Composed entirely of granite, except for its southern extremity, which is millstone grit, its lofty cliffs are very wild and rugged and picturesque, and for two miles along its eastern side there is a remarkable series of chasms, from three to twenty feet wide and some of them of great depth, known to the islanders as the Earthquakes. The shingle beach at the south-eastern corner, in the shelter of Rat Island, is the only landing-place, but many vessels find good anchorage on the eastern side, well protected from westerly winds. Many ships, however, have been wrecked among the terrible rocks round its base, including the battleship Montagu, lost in 1906, and, according to tradition, one of the galleons of the Spanish Armada. There is a lighthouse at each end of the island, and the southern one is the most powerful in Devonshire.

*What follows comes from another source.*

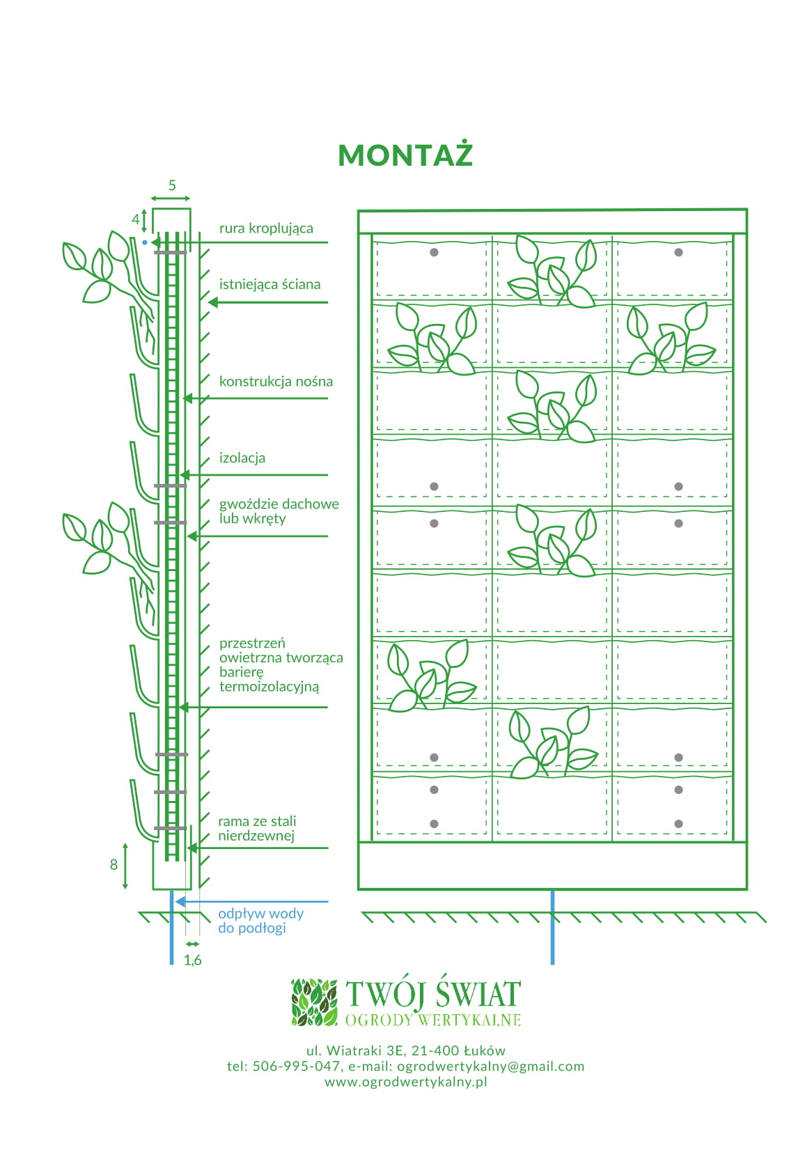 Przy zastosowaniu paneli do wykonywania ogrodów wertykalnych FLORAFELT lub VERTICAL PLANTERS wykonanie rynny zbiorczej oraz ram jest bardzo proste. W załączeniu instrukcja z przekrojami ram, dla rozwiązań które najczęściej stosujemy my.

Perhaps the greatest charm of Lundy lies, as will be shown in some detail in a later chapter, in its natural history, especially in the vast numbers of birds which visit it in the breeding season. Among very rare stragglers that have been shot here is the Iceland falcon, a species of which very few examples have been recorded for this country. A few plants and insects are peculiar to the spot. There are now few trees, except those planted not long ago near the owner's house in a cleft at the south-eastern end, but some shrubs, such as fuchsias, hydrangeas, and rhododendrons grow to a great size, and the mesembryanthemums are particularly vigorous and beautiful.
Granite for the Thames Embankment was obtained here, but the quarries have long been closed, and farming is the chief industry of the few inhabitants.
There are evidences of very ancient occupation, in the shape of kistvaens, tumuli, and the foundations of primitive dwellings; and in times more recent the island has had a stirring history. In the reign of Henry II it was held by the turbulent family of the Montmorencies or Moriscos, and the shell of Morisco Castle, now converted into cottages, still stands on the south-east corner of the island. During the Civil War it was fortified for the king, and only surrendered in 1647. At various times in the seventeenth century it was captured by French, Spaniards, and Algerines; and it was, moreover, several times occupied by pirates, some of whom were Englishmen, who found it a convenient station from which to plunder ships sailing up the Bristol Channel.
[5. Watershed. Rivers and the tracing of their courses. Lakes.]
Devonshire is a well-watered county, a county of many rivers; and although not one of its multitudinous streams is of real commercial importance or of much value as a water-way, by their mere abundance and by the beauty of their scenery, especially of the magnificent ravines which many of them in the lapse of ages have worn deep in the rock, they form one of its most striking features.
By far the most important watershed is the great upland of Dartmoor, where, with few exceptions, rise all the principal rivers. The headwaters of the Tamar and the Torridge—which rise close together, but flow in very different directions and reach different seas—are in the high ground in the north-west, on the very border of Cornwall, and the sources of the Exe and of its great twin stream the Barle are on the moor to which the former gives its name, just inside the county of Somerset. But the tributaries of all these are drawn from the bogs of Dartmoor, and especially from the morasses round the now insignificant sheet of water known as Cranmere Pool. The whole eastern border of the county, from Exmoor southward to the Blackdown Hills, is a source of streams. Such are the Lyn, flowing into the Bristol Channel; the Bray, the Yeo, and the Mole, tributaries of the Taw; the Loman, the Culm, and the Clyst, tributaries of the Exe; the Otter, falling into the English Channel; and the Yarty, a tributary of the Axe. It is remarkable that of all the many streams of Devonshire, only two of any consequence reach the estuary of the Severn. Almost all flow into the English Channel.